In the case of Severe Acute Respiratory Syndrome (SARS), the letter argues that a small amount of the virus may have entered the atmosphere east of the Himalayas, where the stratosphere is thinnest, and was deposited in southern China.

"All reasonable attempts" should be made to halt the disease's infective spread, it said.

But in the longer term, SARS will continue, and cases of it will pop up almost anywhere on the planet, "until the stratospheric supply of the causative agent becomes exhausted," it contended.
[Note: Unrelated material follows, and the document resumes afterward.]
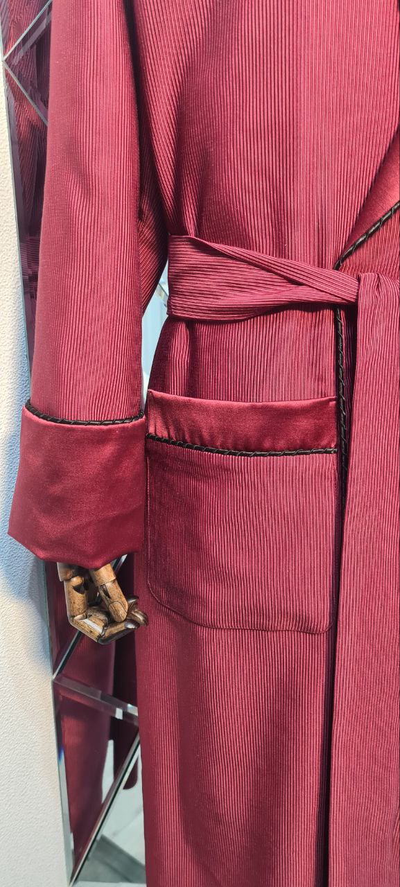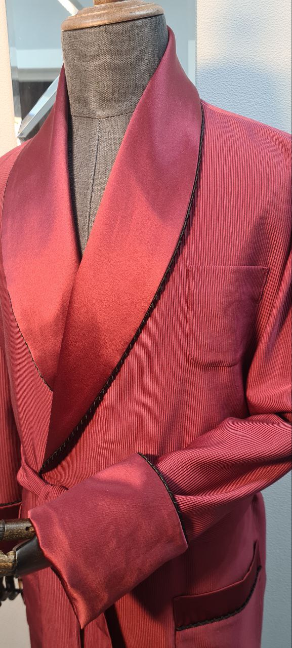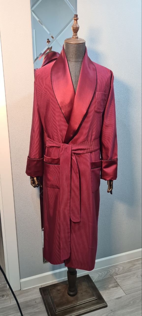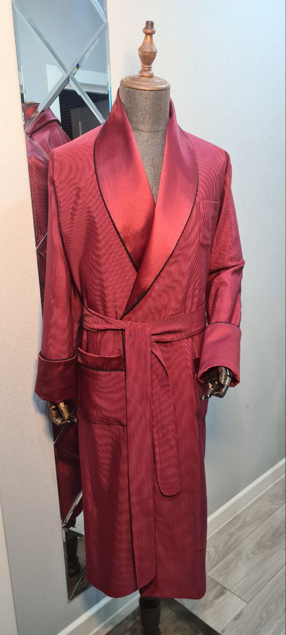 Красивый и изысканный мужской халат выполнен из облегченного жаккарда в "рубчик" производства Италия, с отделкой из хлопкового атласа и черного канта .
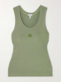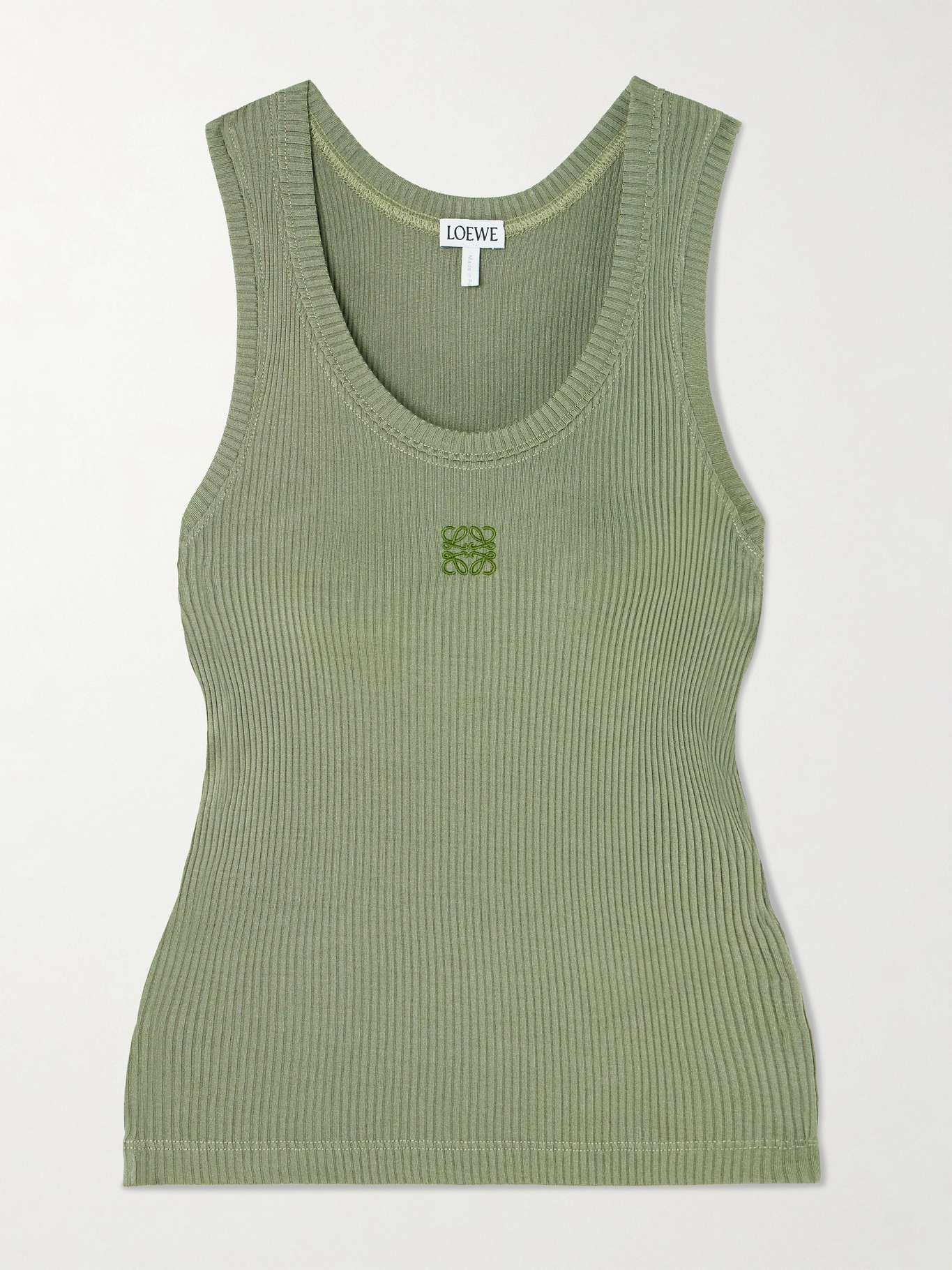 EDITORS'NOTES Loewe fans will instantly recognize the 'Anagram' logo embroidered on this tank. Made from sumptuous silk and ribbed to emphasize the close fit, it's the perfect foundation for so many different looks. SIZE & FIT Model measurements: - Fits true to size, take your normal size - Designed for a close fit - Lightweight, stretchy fabric - Model is 177cm/ 5'10" and is wearing a size XSmall - Bust: 85cm/ 33” - Waist: 66cm/ 26” - Hip: 92cm/ 36” DETAILS & CARE - Army-green silk-jersey - Slips on - 100% silk; embroidery: 100% polyester - Dry clean

The letter was written by Chandra Wickramasinghe of Cardiff University's Center for Astrobiology; Milton Wainwright of Sheffield University's Department of Molecular Biology and Biotechnology; and Jayant Narlikar of the Inter-University Center for Astronomy and Astrophysics in Pune, India.

Many astrobiologists contend that life on Earth is not an enclosed evolutionary kettle, but a biosphere that has been influenced by arrivals from space.

One theory, called "pan-spermia," suggests that life on Earth was kickstarted by bugs or constituent chemicals which hitchhiked a ride on an asteroid or comet that collided with the planet.

The idea, initially ridiculed, is now taken seriously, although the "disease-from-space" idea is still very marginal.

The mainstream medical theory about the SARS virus is that it is an animal virus that mutated and leapt the species barrier. It crossed from farm animals to man, most probably in Guangdong, southern China, last year.